Top of DATA TO PROCESS
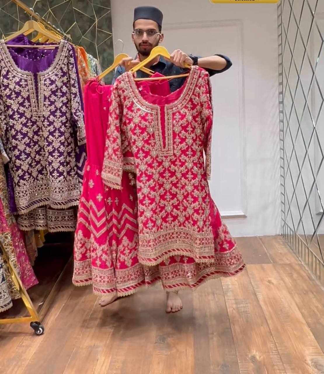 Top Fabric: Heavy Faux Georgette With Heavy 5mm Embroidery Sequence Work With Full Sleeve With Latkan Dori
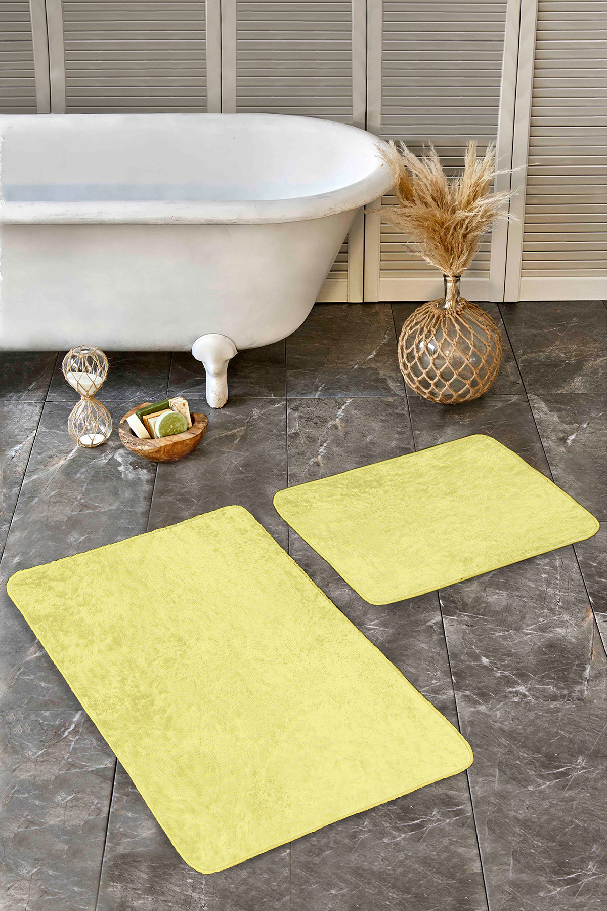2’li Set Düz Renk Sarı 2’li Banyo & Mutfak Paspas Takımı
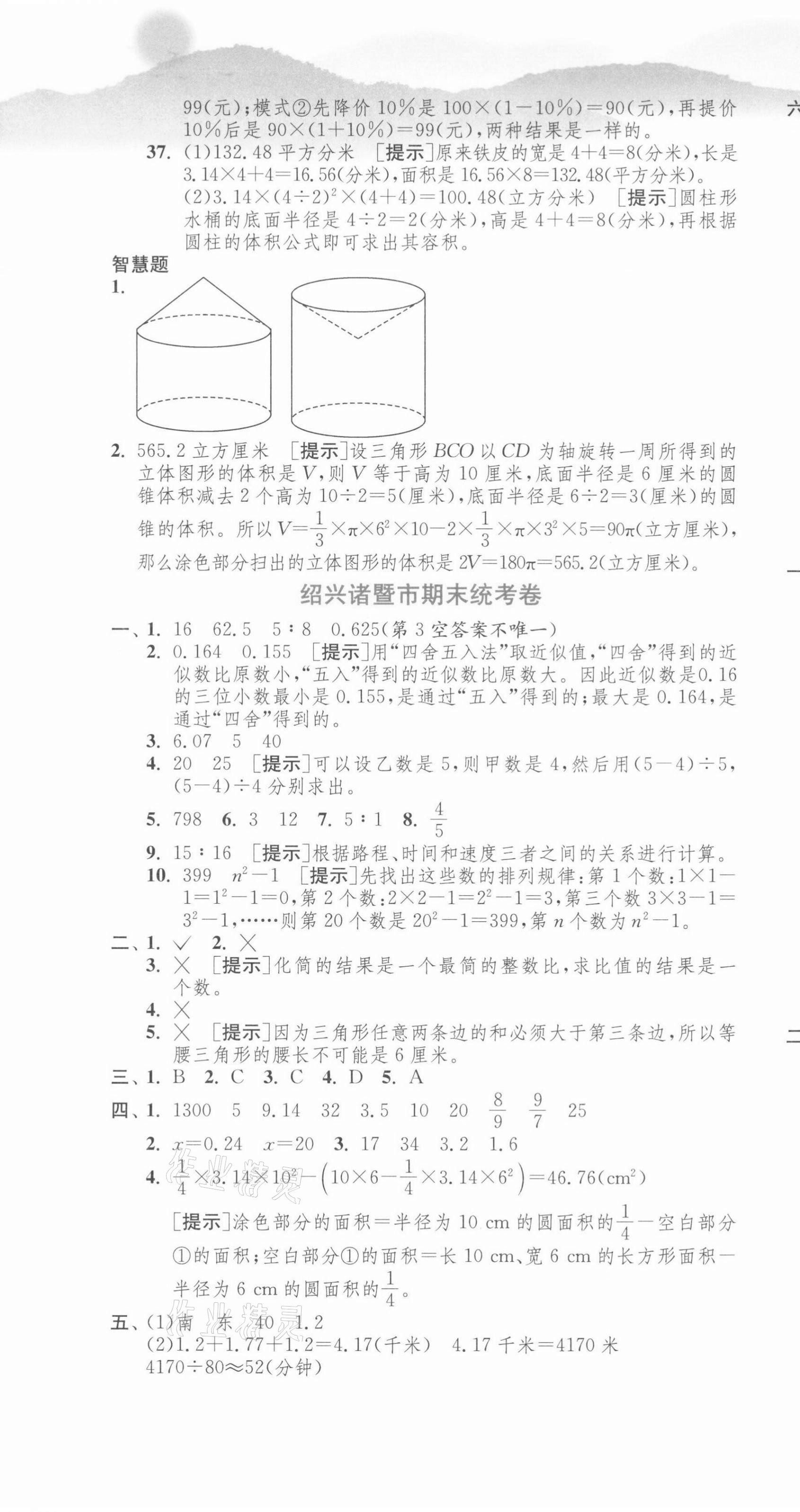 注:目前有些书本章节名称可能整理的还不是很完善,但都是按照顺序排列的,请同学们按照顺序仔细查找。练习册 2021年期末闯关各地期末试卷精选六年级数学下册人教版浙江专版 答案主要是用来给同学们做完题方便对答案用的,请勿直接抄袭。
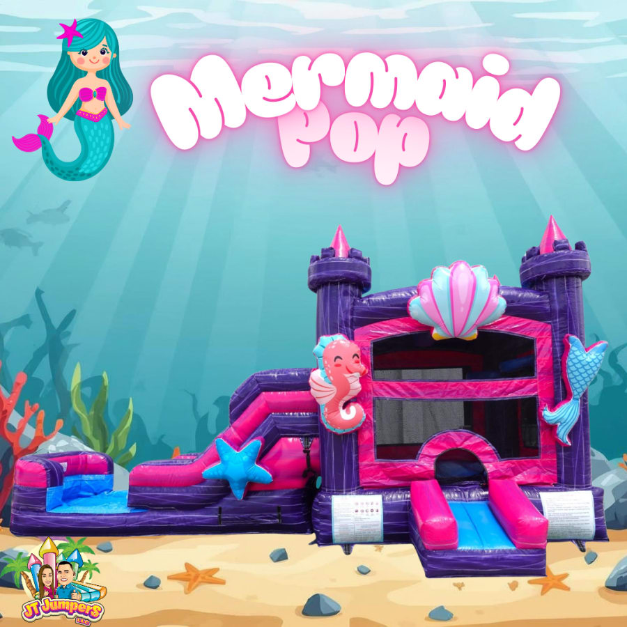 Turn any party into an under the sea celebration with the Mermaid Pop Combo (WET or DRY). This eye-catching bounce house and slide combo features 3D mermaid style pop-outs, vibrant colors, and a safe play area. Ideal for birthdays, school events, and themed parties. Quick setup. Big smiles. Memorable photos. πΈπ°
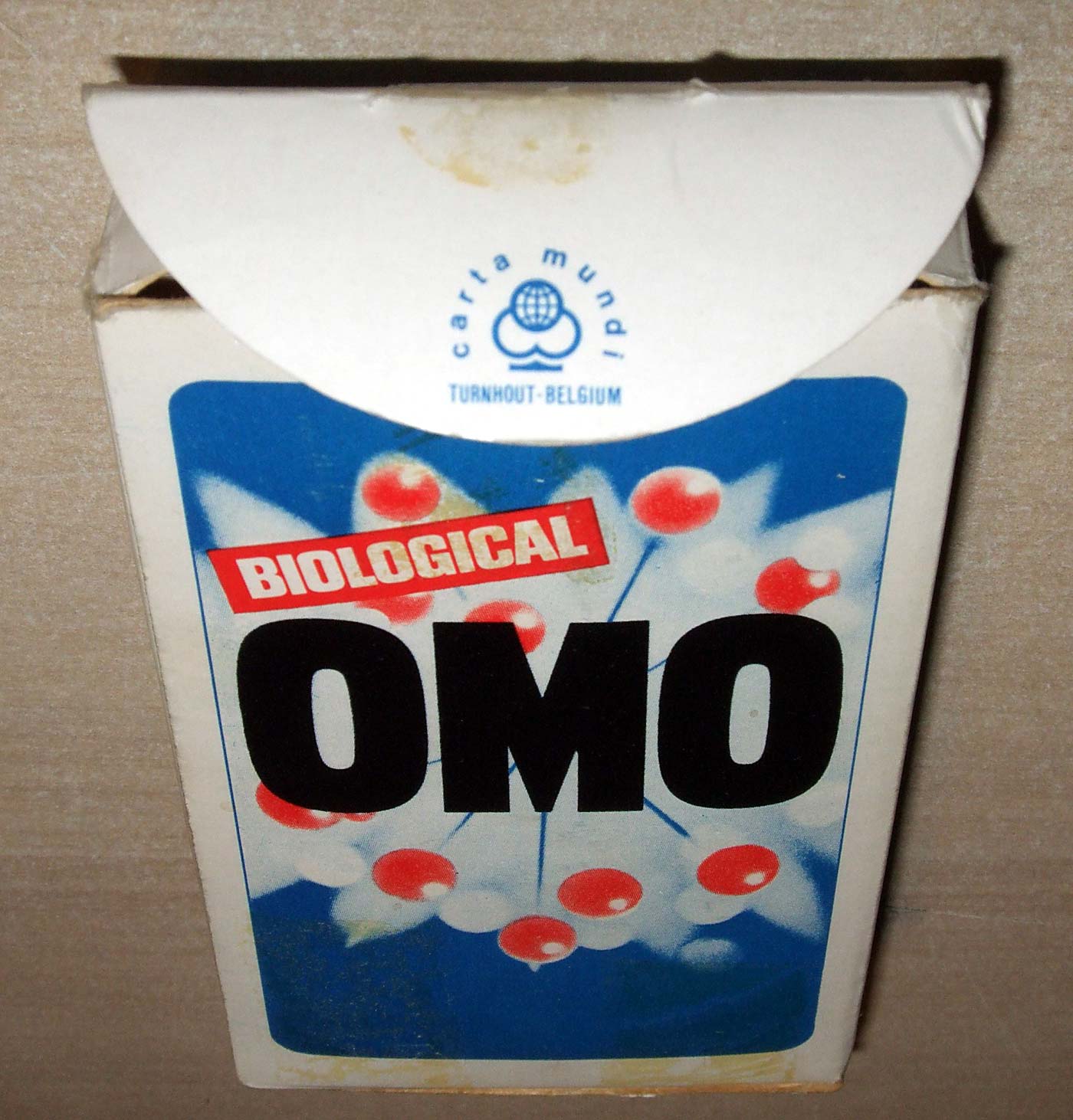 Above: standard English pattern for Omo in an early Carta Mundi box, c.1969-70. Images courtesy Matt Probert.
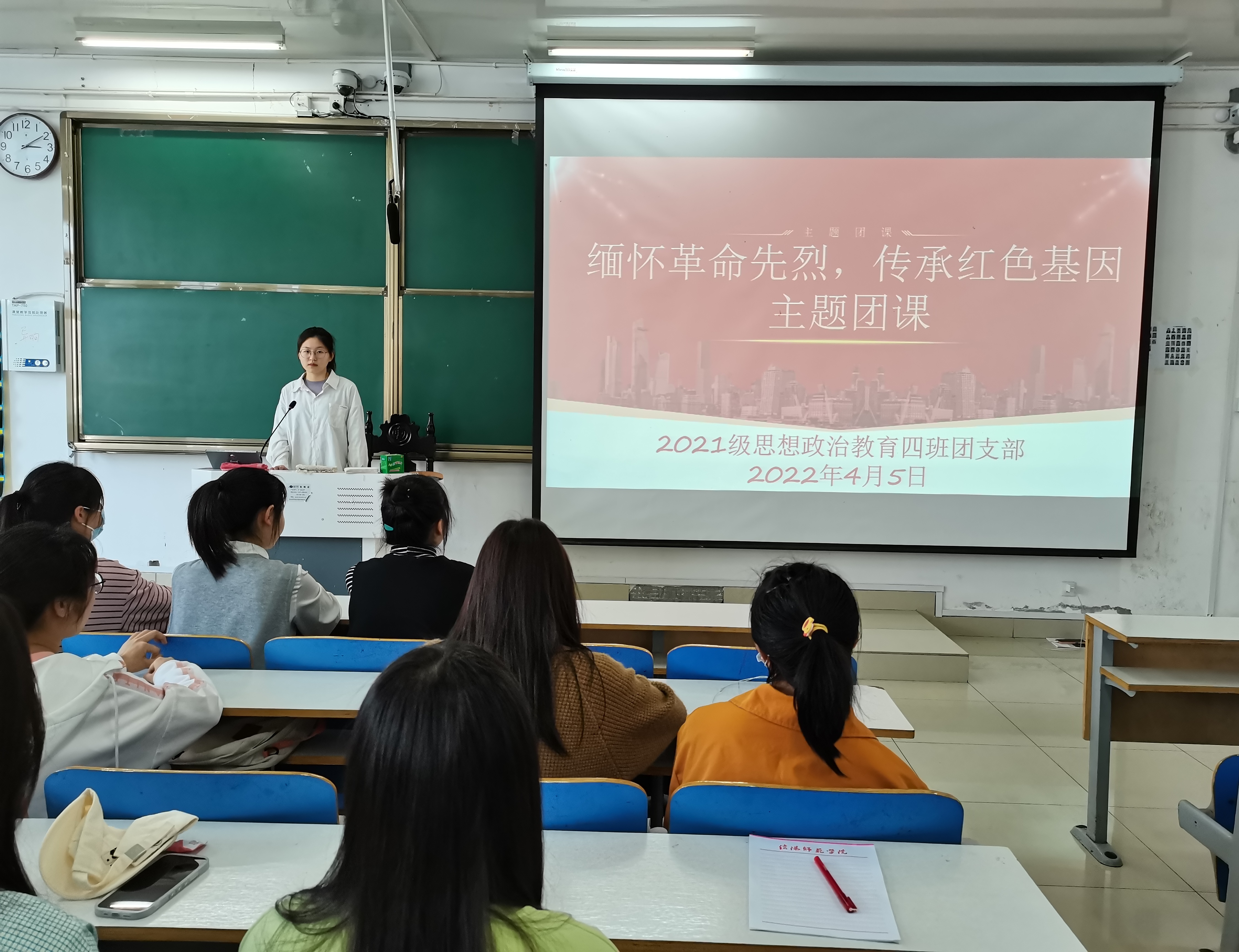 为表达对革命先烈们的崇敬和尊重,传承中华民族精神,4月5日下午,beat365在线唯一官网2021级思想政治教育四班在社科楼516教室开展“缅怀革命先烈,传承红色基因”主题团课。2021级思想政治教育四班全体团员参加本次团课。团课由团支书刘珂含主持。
Bottom of DATA TO PROCESS
HOW TO COMPLETE THIS TASK
Up to and including the line with "Above: standard English", repeat every line from the top of the entries exactly, but not the pictures.

ANSWER BOX
 Top Fabric: Heavy Faux Georgette With Heavy 5mm Embroidery Sequence Work With Full Sleeve With Latkan Dori
2’li Set Düz Renk Sarı 2’li Banyo & Mutfak Paspas Takımı
 注:目前有些书本章节名称可能整理的还不是很完善,但都是按照顺序排列的,请同学们按照顺序仔细查找。练习册 2021年期末闯关各地期末试卷精选六年级数学下册人教版浙江专版 答案主要是用来给同学们做完题方便对答案用的,请勿直接抄袭。
 Turn any party into an under the sea celebration with the Mermaid Pop Combo (WET or DRY). This eye-catching bounce house and slide combo features 3D mermaid style pop-outs, vibrant colors, and a safe play area. Ideal for birthdays, school events, and themed parties. Quick setup. Big smiles. Memorable photos. πΈπ°
 Above: standard English pattern for Omo in an early Carta Mundi box, c.1969-70. Images courtesy Matt Probert.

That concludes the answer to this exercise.